Write out the multiplication table for the field $\mathbb{Z}[\alpha] := \mathbb{Z}_2[x]/(x^3+x+1)$.

Question

Write out the multiplication table for the field $\mathbb{Z}[\alpha] := \mathbb{Z}_2[x]/(x^3+x+1)$.

Q1. What is the inverse of $\alpha$?

Q2. Determine a generator of the multiplicative cyclic group $\mathbb{Z}[\alpha]^\times$

I've written down the table, but how do I get the inverse of $\alpha$? $\alpha$ can be any number. If $\alpha$ is not an integer, how do I take mod $2$?

And for Q2, I can see that, in my table, all $8$ elements of $\mathbb{Z}_2[x]/(x^3+x+1)$ generate all elements of $\mathbb{Z}_2[x]/(x^3+x+1)$. For example, $x+1$ generates all eight elements. Is this because $x^3 + x + 1$ is irreducible?

Answer 1

The field is $GF(8)=\Bbb Z_2[x]/\langle x^3+x+1\rangle$ and contains a zero of $x^3+x+1$, namely the residue class $\alpha = \bar x = x +\langle x^3+x+1\rangle$. Then $\alpha^3+\alpha+1=0$ in $GF(8)$.

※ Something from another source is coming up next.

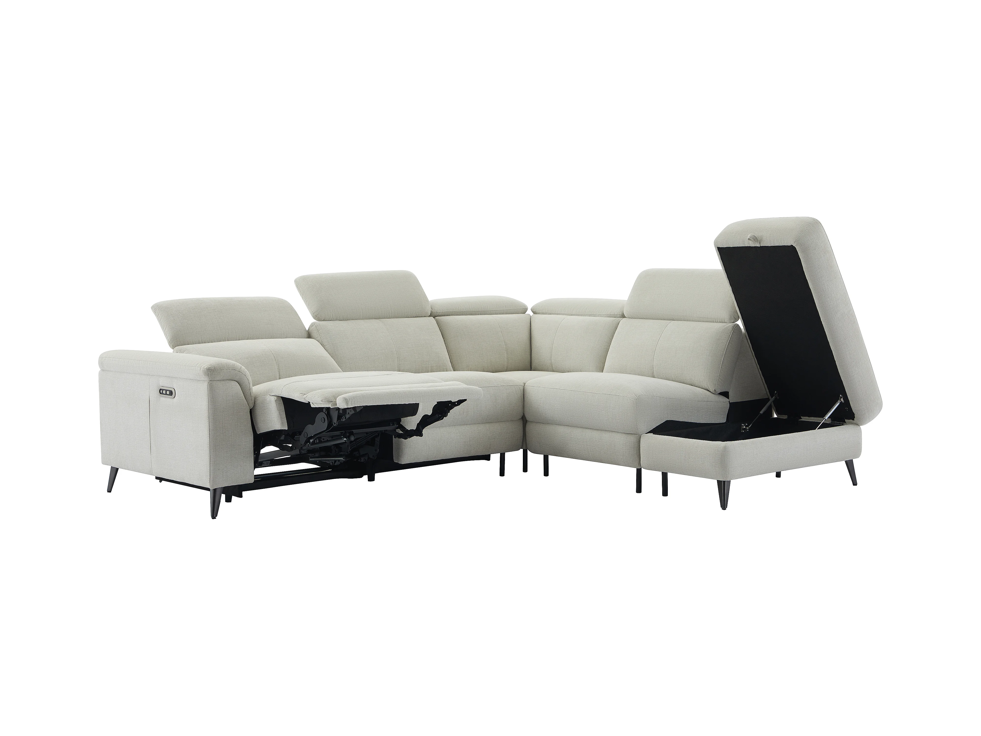 Canapé d'angle droit relax électrique en tissu beige MAKORO

The elements of $GF(8)$ are $0, 1, \alpha,\alpha^2,\alpha^3=\alpha+1,\ldots,\alpha^6, \alpha^7=1$. So the inverse of $\alpha$ is $\alpha^6=(\alpha^3)^2 = (\alpha+1)^2 = \alpha^2+1^2 = \alpha^2+1$.

The multiplicative group $GF(8)^*$ is cyclic and has $\alpha$ as a generator, see above.

Answer 2

For Q1: Here $\alpha$ is not 'any number' - $\alpha$ designates a root of $x^3+x+1$, which has been adjoined to make this field. In effect, $\alpha==x$. So ask: what polynomial over $\mathbb{Z}_2$, when multiplied by x, yields a polynomial in $\mathbb{Z}_2[x]$ with remainder 1 modulo $x^3+x+1$?

And for Q2: Yes it is because $x^3+x+1$ is irreducible over $\mathbb{Z}_2$.